Organizations can control which users see which data by establishing user groups and also, role-based access methods. It ensures that employees who need to view sensitive data are appropriately authorized. Access control is set in most data compliance regulations to prevent, for example, a receptionist in a doctor’s office from seeing a patient’s entire medical record, rather than just the insurance information that is need to register and schedule patients.

Backups and Recovery

Backup and also, recovery refer to how you store data and how you will restore it in the event of an incident. Like consumer-grade services that protect you if you mistakenly delete a file or lose your phone, enterprise-grade backup means separating data into secure places to provide redundancy. If one location fails, the other location wakes up with an exact data image. Organizations use the Recovery Point Objective (RPO) and Recovery Time Objective (RTO) metrics to determine what data is recover and how long it takes to recover.

Data Resiliency

Data resiliency refers to how quickly you can recover and also, restore operations in the event of a data breach. It was achieve by deploying multiple servers in different locations in the past. However, after the recent global crisis, many organizations are face with data centres that they cannot access. For this reason, they consider cloud-based alternatives that can be manage remotely, have automatic failover, and don’t require significant upfront capital investments.

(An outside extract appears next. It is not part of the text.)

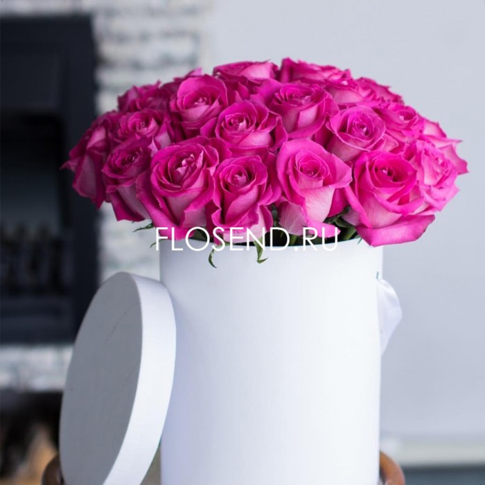 25 розовых роз в коробке

The Benefits of Data Security

Maintaining a defined data security plan protects the entire organization. Small businesses that experience violations often go out of business within a year and also, spend an average of $200,000. And for those in the aftermath of a data breach, there will be a huge financial hole around the increased resources and staffing it took to recover from a technology and also, business perspective.

With a firm data security policy, organizations build trust, save resources, and avoid disrupting business by having to handle a breach or outage.

Conclusion

Security is protection from, or resilience against, the potential harm caused by others by restraining the freedom of others to act. Beneficiaries of security may remain persons and also, social groups, objects and institutions, ecosystems or any other entity or phenomenon vulnerable to unwanted change.